# [Task description]
Below this line are records; transcribe exactly the lines between the one holding "조현(오른쪽 두번째) 외교부" and the one holding "Effect on pH: Soil", inclusive, and omit the pictures.

# [Data to examine]
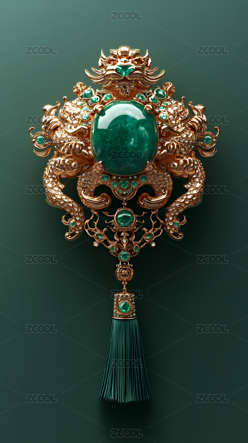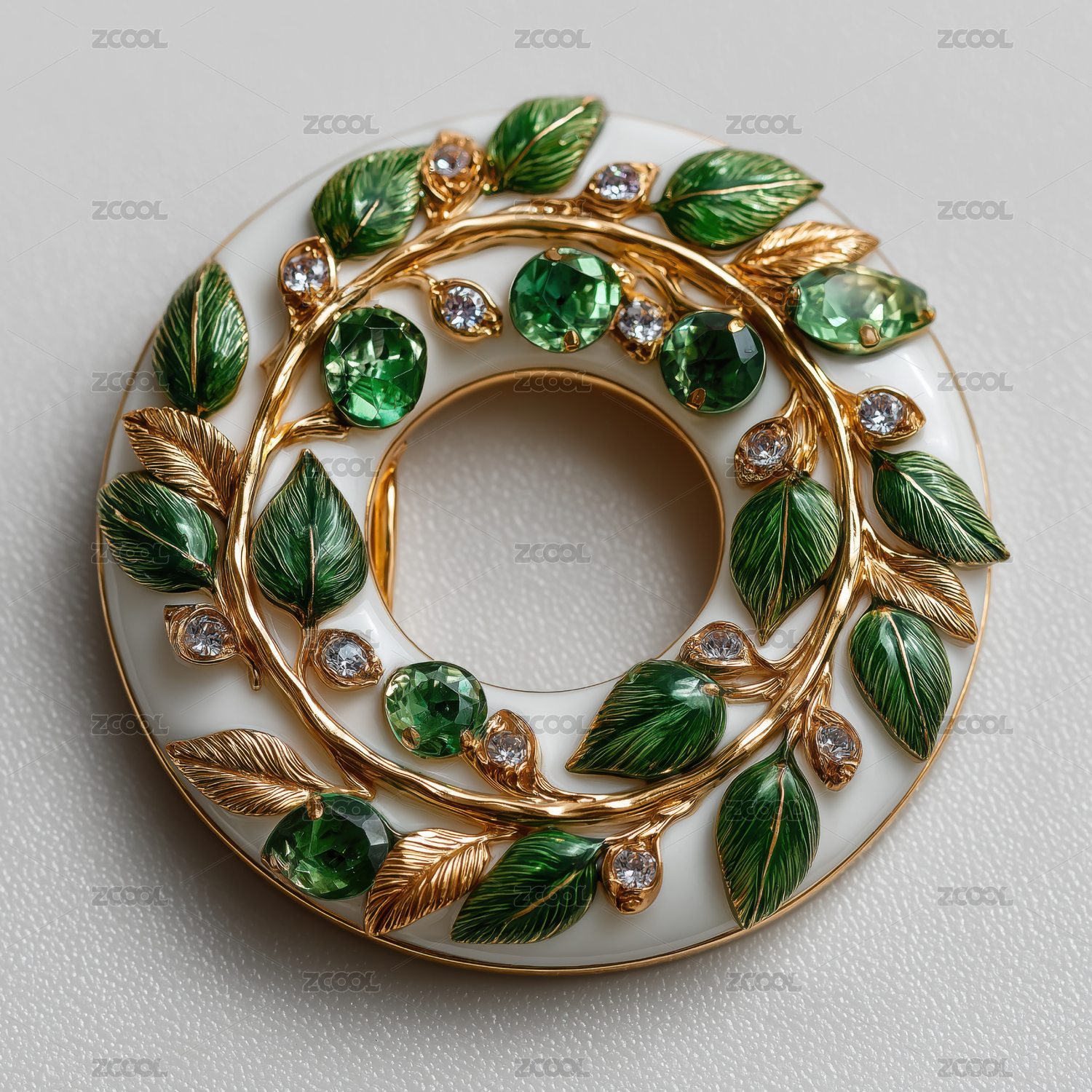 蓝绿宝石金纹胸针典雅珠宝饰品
* * *
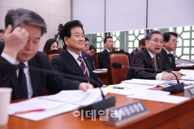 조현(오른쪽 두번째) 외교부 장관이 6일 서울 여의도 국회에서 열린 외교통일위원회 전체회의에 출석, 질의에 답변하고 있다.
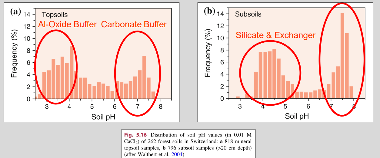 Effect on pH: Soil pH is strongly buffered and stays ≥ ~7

# [Answer below]
 조현(오른쪽 두번째) 외교부 장관이 6일 서울 여의도 국회에서 열린 외교통일위원회 전체회의에 출석, 질의에 답변하고 있다.
 Effect on pH: Soil pH is strongly buffered and stays ≥ ~7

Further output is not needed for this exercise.